The cost of proxy warfare in the modern age has decreased, which means the tactic will likely be used more frequently in unstable regions like much of the Middle East and in contested territory like the Donbass region. The cost of military training for the Mumbai terrorists was relatively low in comparison to the impact of their attacks. In an age of extreme political instability, with new methods of disguising proxy forces such as deep fakes and social media disinformation campaigns, the political cost of covert proxy warfare will continue to decrease, meaning it is less risky for states to deploy these methods.
For the Army, conducting missions in operating environments that feature some degree of proxy involvement will become increasingly likely, to include in peer or near-peer competition. As Multi-Domain Operations continues to be refined as a concept, the presence of a range of proxy forces must also be envisioned. In such an environment, the intelligence warfighting function becomes a priority, and soldiers must become aware of proxies’ role and impact in their assessments during training and operations.

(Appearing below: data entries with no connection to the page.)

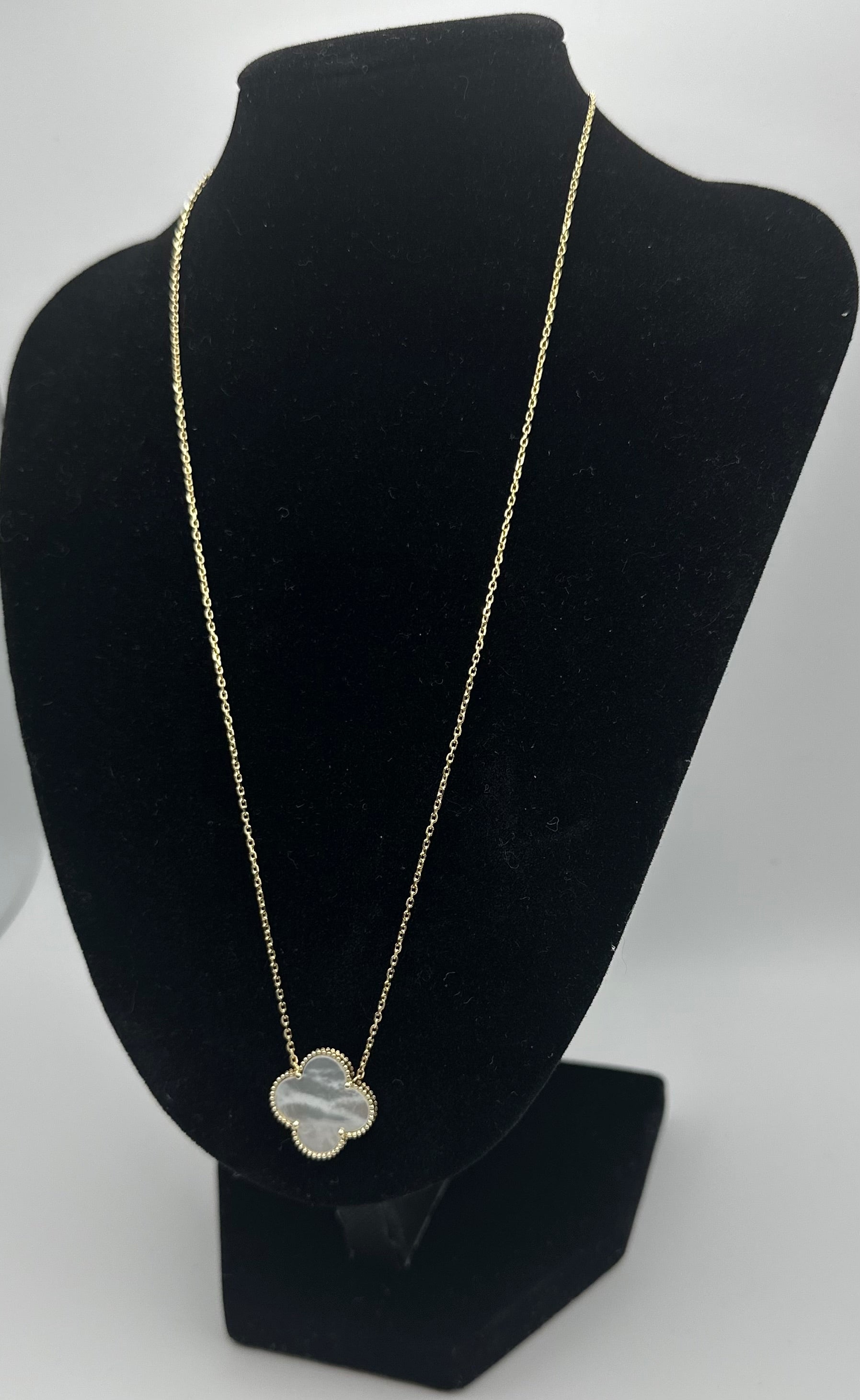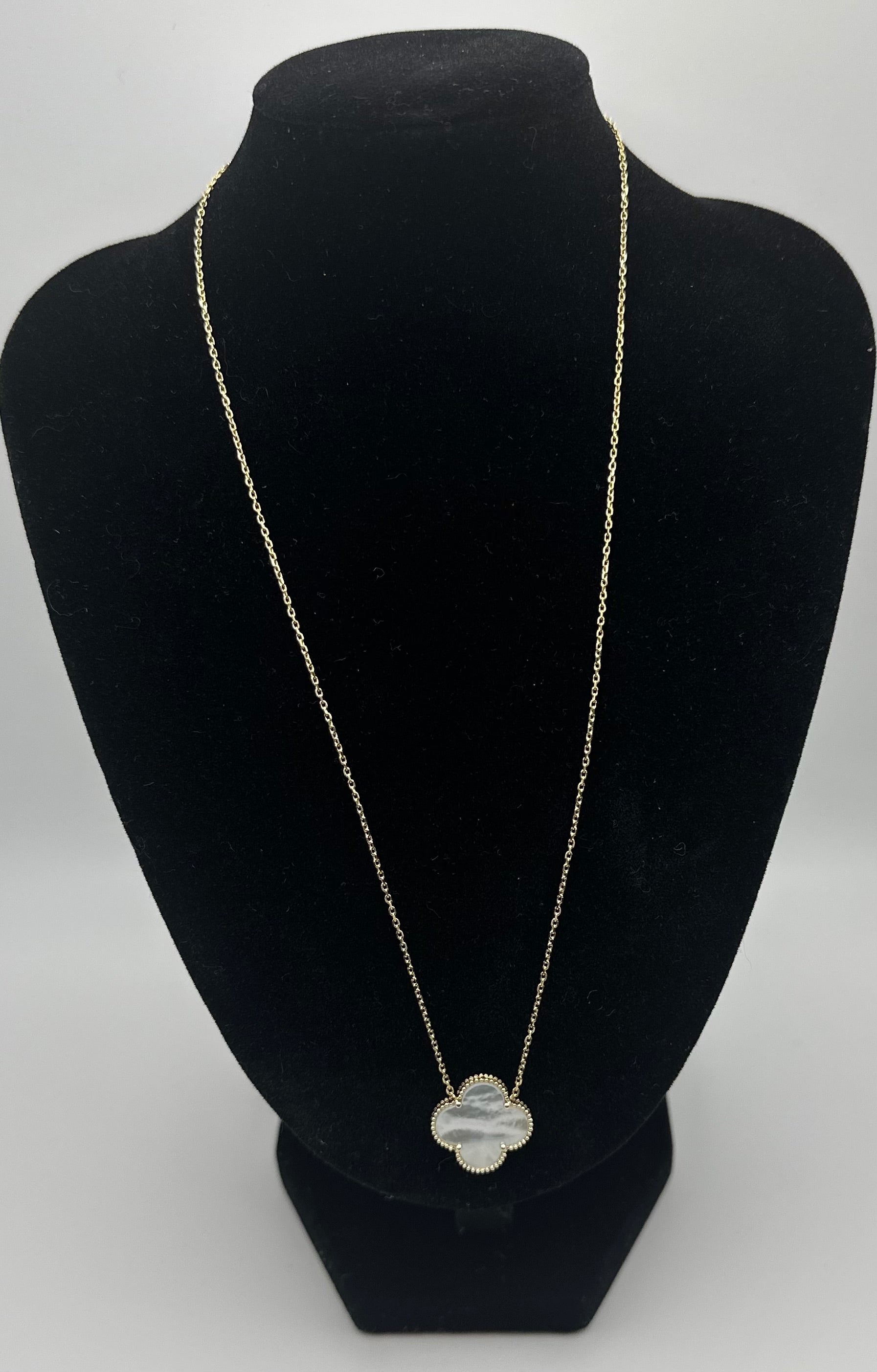 14k Gold Single White Clover Necklace
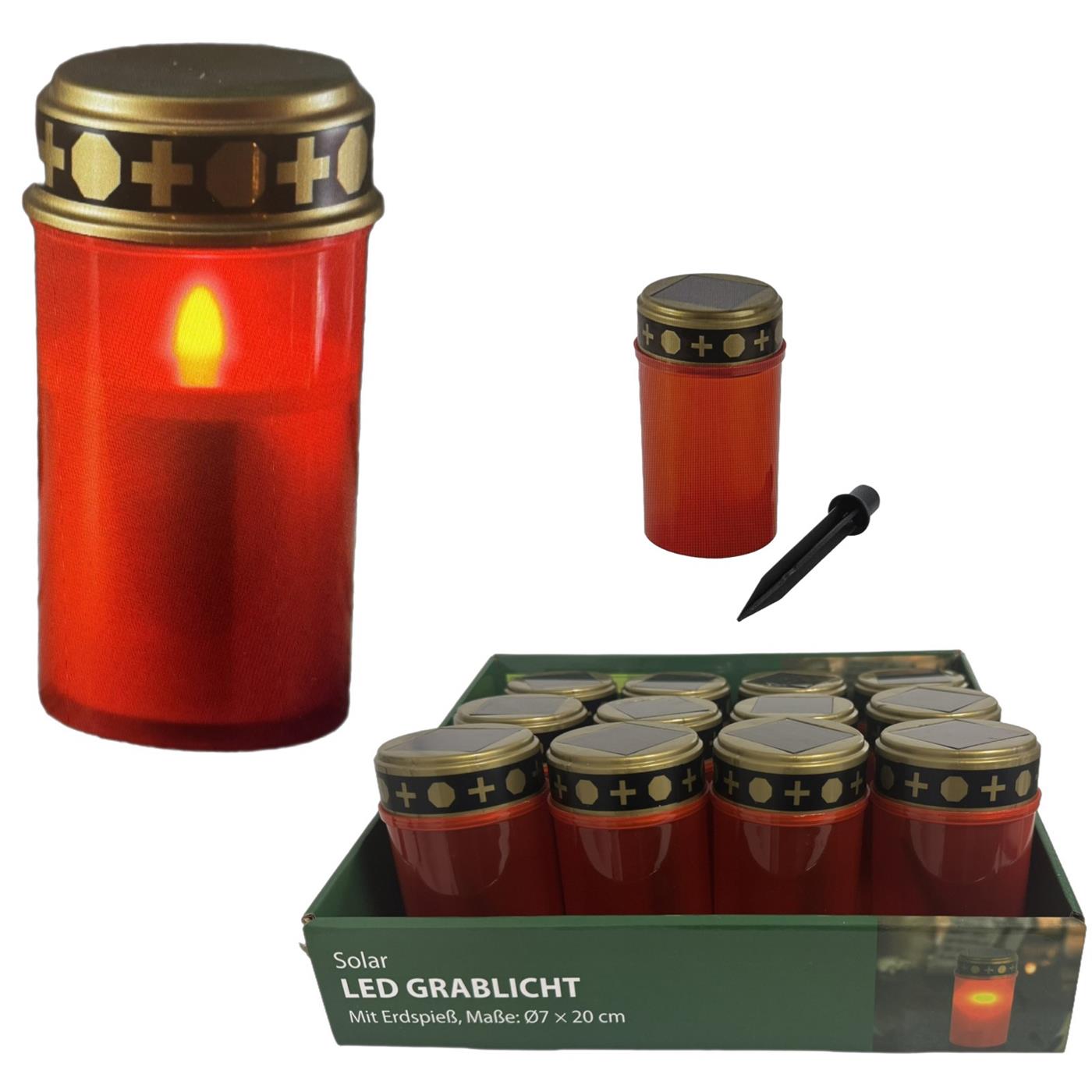 Graflicht LED solar rood Ø7xH20cm met grondsteker
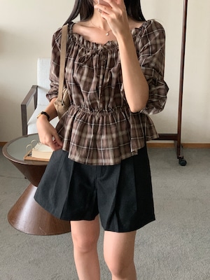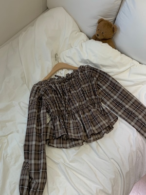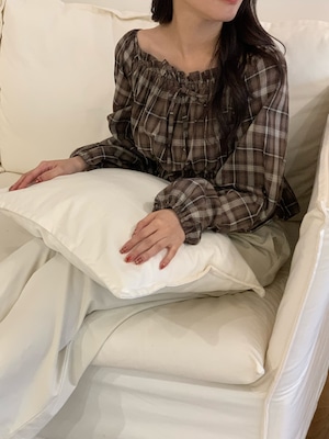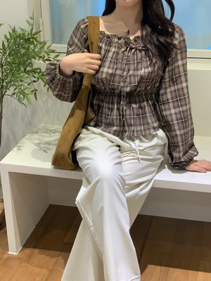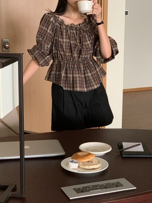シーズンムードを高めてくれる落ち着いたブラウンカラーのチェック柄のブラウス。
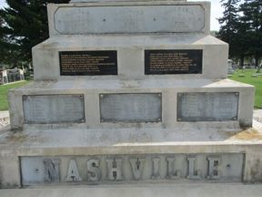 This is a 36 foot monument of white bronze (zinc) in an impressive setting at the entrance to Union Cemetery. 167 soldiers are inscribed on the four sides and there are panels of Washington, Lincoln, Grant, and a common soldier. The white bronze has had restoration efforts in the past and looks good. There is a marker indicating that funds were left in an estate to maintain the monument. Union Cemetery is on the NW side of town. From Highway 3, take 19th Street north to the cemetery. The first photo was taken 7/31/10 -the others on 9/16/19.
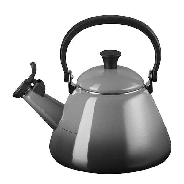 Le Creuset Kone vattenkittel med vissla 1,6 L är en pålitlig klassiker i emaljerat stål som kombinerar stilren form med praktisk funktion. Den koniska silhuetten ger effektiv värmefördelning, och visslan låter dig veta precis när vattnet är klart.
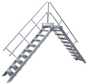 Überstieg stationär, Neigung 45°, Stufenbreite 800 mm, Stufentiefe 250mm, Podestlänge 350mm 5 Stufen, lichte Höhe 0,92 m, Gewicht 52kg
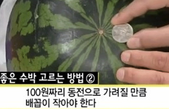 이 부분이 작아야 좋은 수박이라고 합니다.
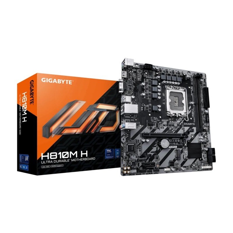 Matična plošča Gigabyte H810M-H je zasnovana za najnovejše Intel Core Ultra procesorje in ponuja zanesljivo ter zmogljivo osnovo za vaš računalnik. Njena Micro ATX oblika (24,4 cm x 21,5 cm) omogoča enostavno namestitev v različne ohišja, medtem ko Intel H810 vezni čip skrbi za stabilno delovanje sistema.
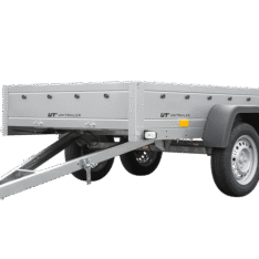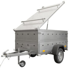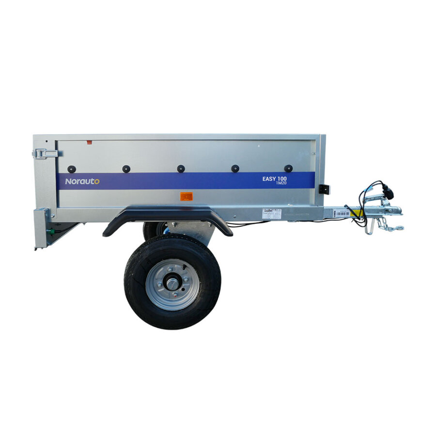 Cette remorque vous est livrée entièrement montée et possède des garde-boue en plastique, un timon droit, une ridelle arrière amovible et rabattable.
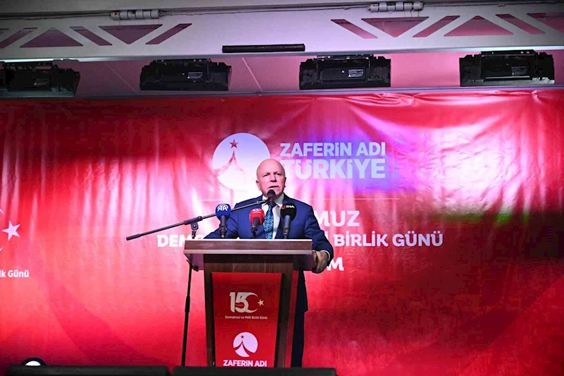 "Bilindiği gibi o gece tüm millet olarak ’İslam ümmetinin son kalesi düşmesin’ diyerek fert fert ay yıldızlı bayrağımıza sancak olduk" diyen Başkan Sekmen, "Bugün işte o kaleyi daha da sağlamlaştırmak için Terörsüz Türkiye hedefiyle kararlılıkla ilerliyoruz. Bu hedef sadece bir güvenlik politikası değil; milletimizin istiklal ve istikbali için inşa edilen bir barış düzenidir. Gözbebeğimiz, Dünya liderimizin o gün yaptığı çağrıyla meydanlara indik, mermilere set olduk, can verdik, ’Din-i Mübin İslam’ için, Allah’ın vaadi için şehit olduk, bu kutsal mücadelede gazilik unvanına erişen kahramanlarımız da oldu. 15 Temmuz Demokrasi ve Milli Birlik Günümüz vesilesiyle şunu ifade etmek istiyorum ki; 15 Temmuz şehitlerimizi namusumuz olarak belleyecek, gazilerimizi ise daima onur kaynağımız bileceğiz" diye konuştu.
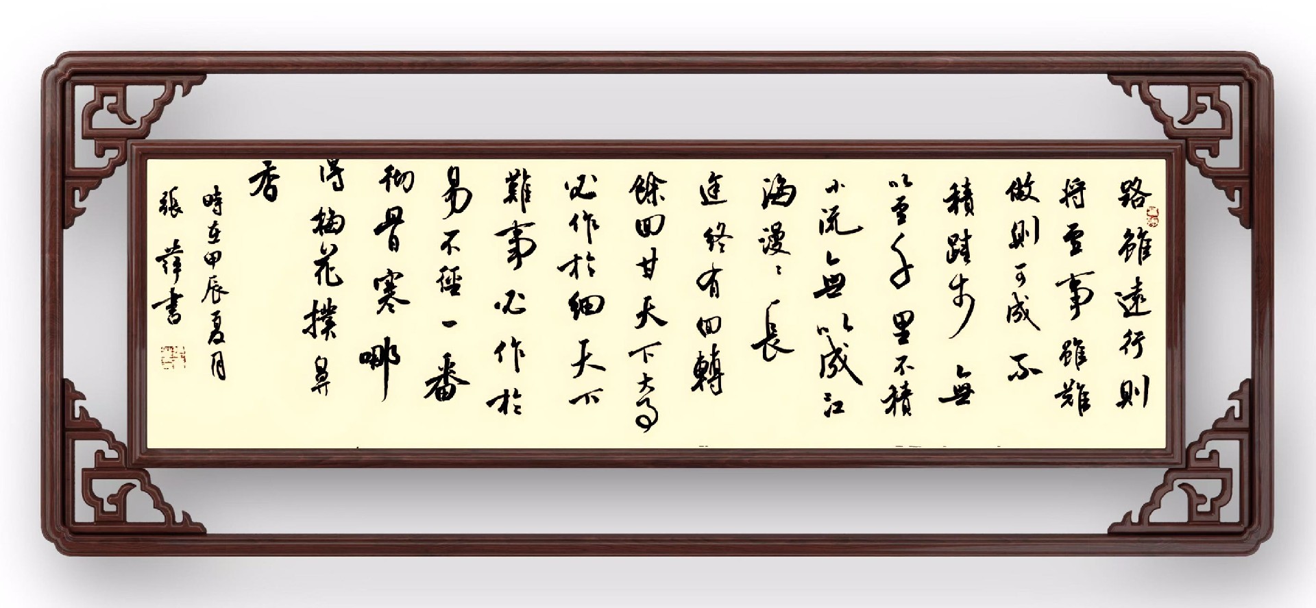 这些年,我一直在笔耕不辍 的同时 ,也在努力寻求正确的方向:书法从传统中来,历朝历代的顶尖的书法家们都在传承优秀的书法文化,守正创新,离开了传统,书法就成了无源之水,无本之木,又何来创新?反之,必将流之于浮浅,甚至误入歧途。当然这条路既遥远也坎坷 ,修身、学习并不难,难的是一辈子的坚持。我相信,我定能坚持下去!苦心人,天不负。只要咬定青山不放松,我想我会走得更远!
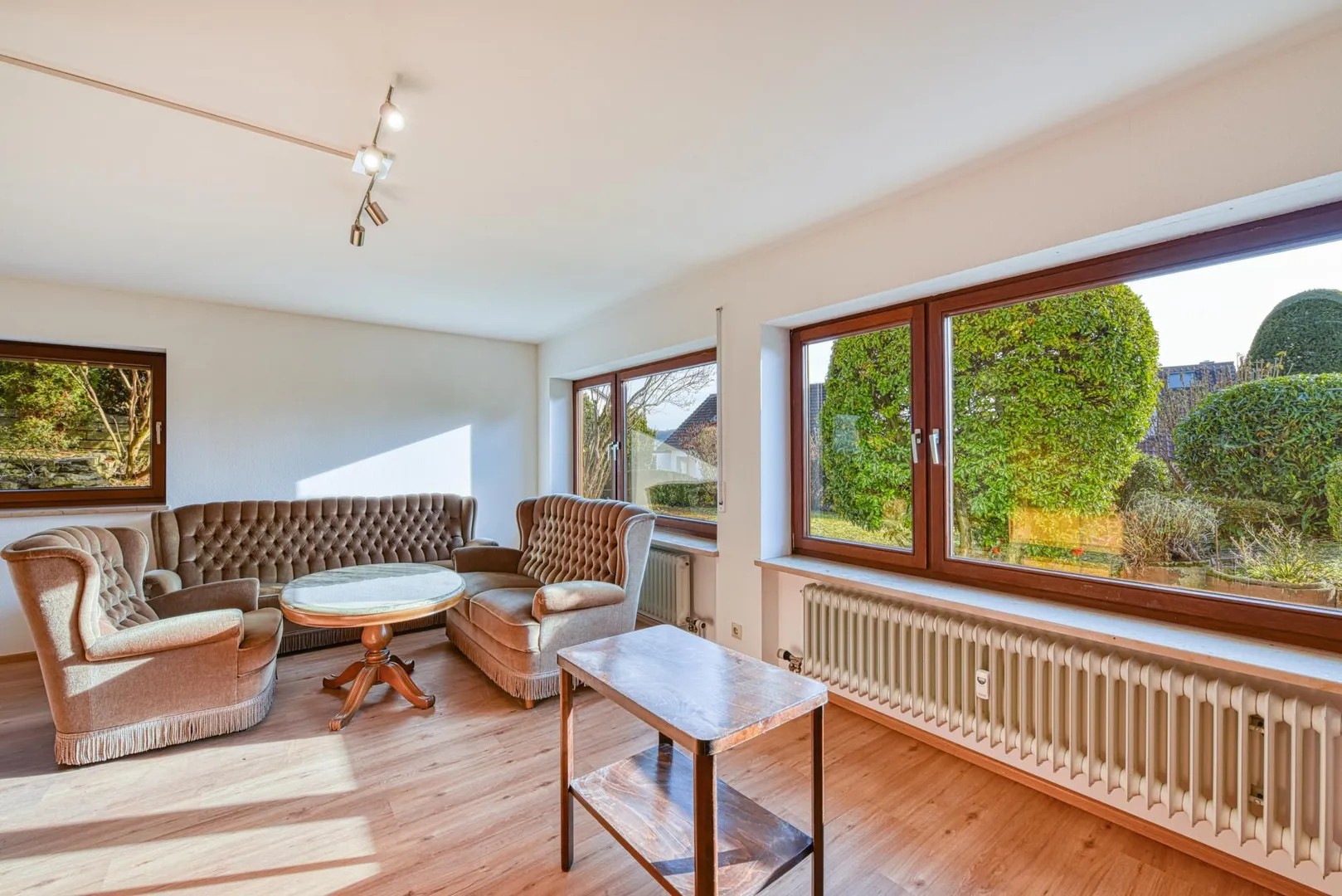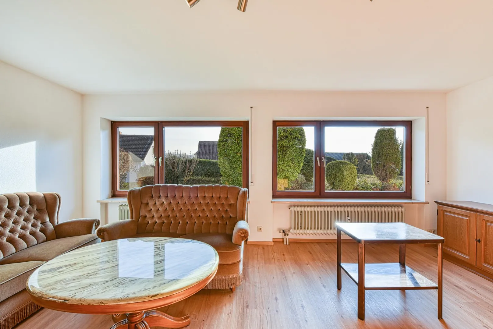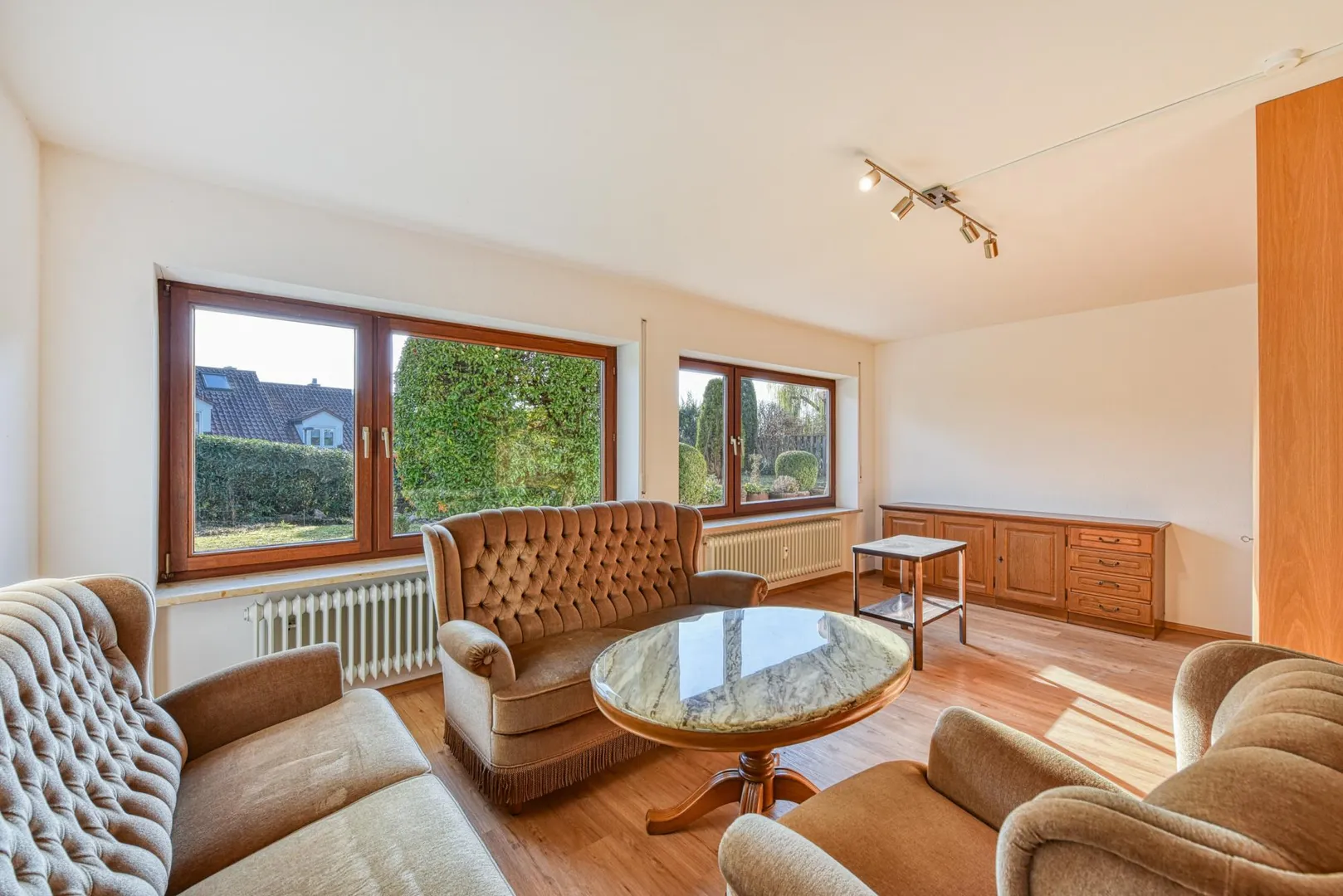Im Außenbereich verfügt die Wohnung über eine ca. 7 m² große Süd-Terrasse als auch über eine ca. 55 m² große Gartenfläche zur alleiniger Nutzung.
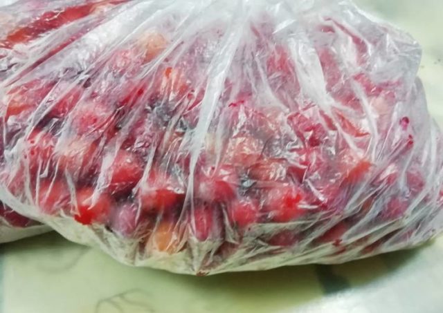 - Einfrieren - Viburnum wird in Plastiktüten ausgelegt und in den Gefrierschrank gestellt.

Institutionally, the Army must be prepared to conduct a range of missions in an era of proxy warfare.
Maj. John Spencer, U.S. Army retired, is chair of urban warfare studies with the Modern War Institute at the U.S. Military Academy at West Point, New York, and co-director of its Urban Warfare Project, an initiative to study the character of war in cities. He previously served as a fellow with the chief of staff of the Army’s Strategic Studies Group. He served 24 years as an infantry soldier, which included two combat tours in Iraq.
Col. Liam Collins, U.S. Army retired, is the former director of the Modern War Institute at West Point. As a career Special Forces officer, he conducted multiple combat deployments to Afghanistan and Iraq as well as operational deployments to Bosnia, Africa and South America. He holds a doctorate in public affairs from Princeton University, New Jersey.